The stock market had an up-and-down session on Monday, as investors struggled to reconcile the latest happenings in Washington politics with the various forces buffeting the U.S. and global economies. Major benchmarks traded on either side of the unchanged mark and finished mixed, with many market participants focused on new product announcements from Silicon Valley and the shape of the rapidly inverting yield curve. Some stocks performed badly, reflecting negative responses to news. Penn Virginia (NASDAQ: PVAC), Evolus (NASDAQ: EOLS), and Cousins Properties (NYSE: CUZ) were among the worst performers. Here's why they did so poorly.

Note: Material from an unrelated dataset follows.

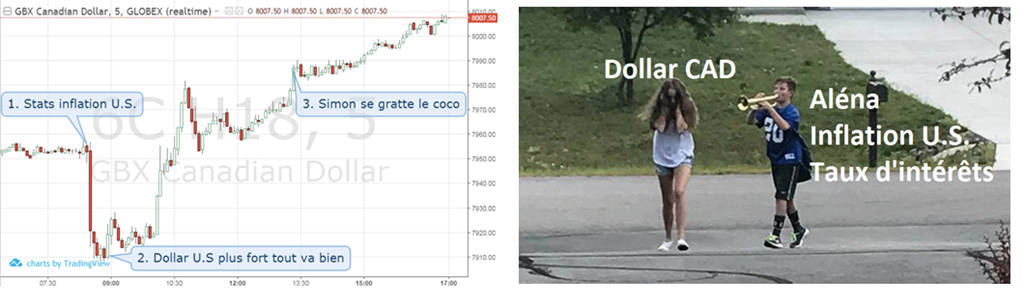 Journée très mouvementé sur les marchés financiers. Beaucoup de questions se posent, moi-même je me gratte le derrière du coco. Ce matin les statistiques d’inflation aux USA sont sorties plus élevé que prévu. Plus d’inflation = plus forte probabilité de hausse des taux d’intérêt = hausse de la valeur du dollar U.S. = recul de notre monnaie canadienne. Tout est cohérent. En fait cette cohérence a duré a peu près une heure ce matin. Bravo…

Penn Virginia keeps falling
Shares of Penn Virginia dropped 9%, adding to their losses from Friday after the Houston-based energy company agreed to terminate a merger agreement. Denbury Resources (NYSE: DNR) had been slated to purchase Penn Virginia in a $1.7 billion deal that would have given Penn Virginia shareholders $25.86 per share in cash plus 12.4 shares of Denbury stock, but many found the deal controversial in light of uncertainties about whether Denbury's enhanced oil recovery techniques would be successful in boosting production at Penn Virginia assets. Without the merger to prop up its stock price and with crude oil dropping back below $60 per barrel, investors seem nervous about Penn Virginia's future.

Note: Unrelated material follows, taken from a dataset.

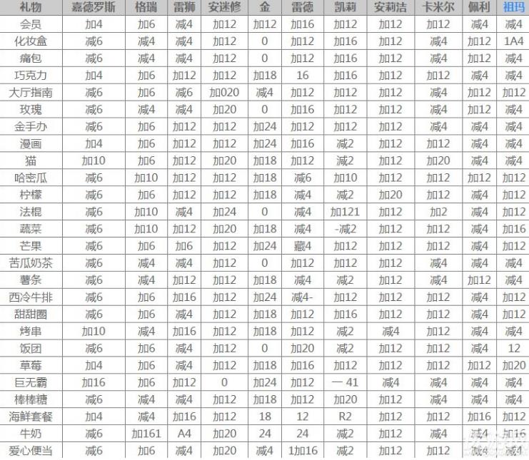 凹凸世界全角色礼物提升好感度数值图表:

Evolus gets ready to sell stock
Evolus saw its stock fall 12% following a filing that would allow the company to make a secondary offering. Late Friday, Evolus filed a registration statement under which its selling shareholders would offer more than 15.7 million shares of stock. The company itself won't receive any proceeds from the sale, with any money going straight to early investors in the performance beauty company. Insiders likely saw the timing as fortuitous to sell part of their stake, as Evolus just last week explained how it expects to compete against industry leader Botox with its Jeuveau frown-line treatment. Shareholders will have to reassess the risk of holding their stock given the apparent vote of no confidence from ground-floor investors.
Cousins makes a deal
Finally, shares of Cousins Properties fell 6%. The Atlanta-based real estate company announced that it would merge with Dallas-based TIER REIT (NYSE: TIER), issuing 2.98 shares of Cousins stock for every share of TIER. As Cousins CEO Colin Connolly explained it, the merger "creates the preeminent Sun Belt office REIT," with properties in key markets including Austin, Dallas, Phoenix, Atlanta, Charlotte, and Tampa. Yet investors felt that TIER got the better end of the deal, as TIER's shares rose 7%. Nevertheless, if the combination produces the synergies that the REITs expect, then it could prove beneficial to all involved.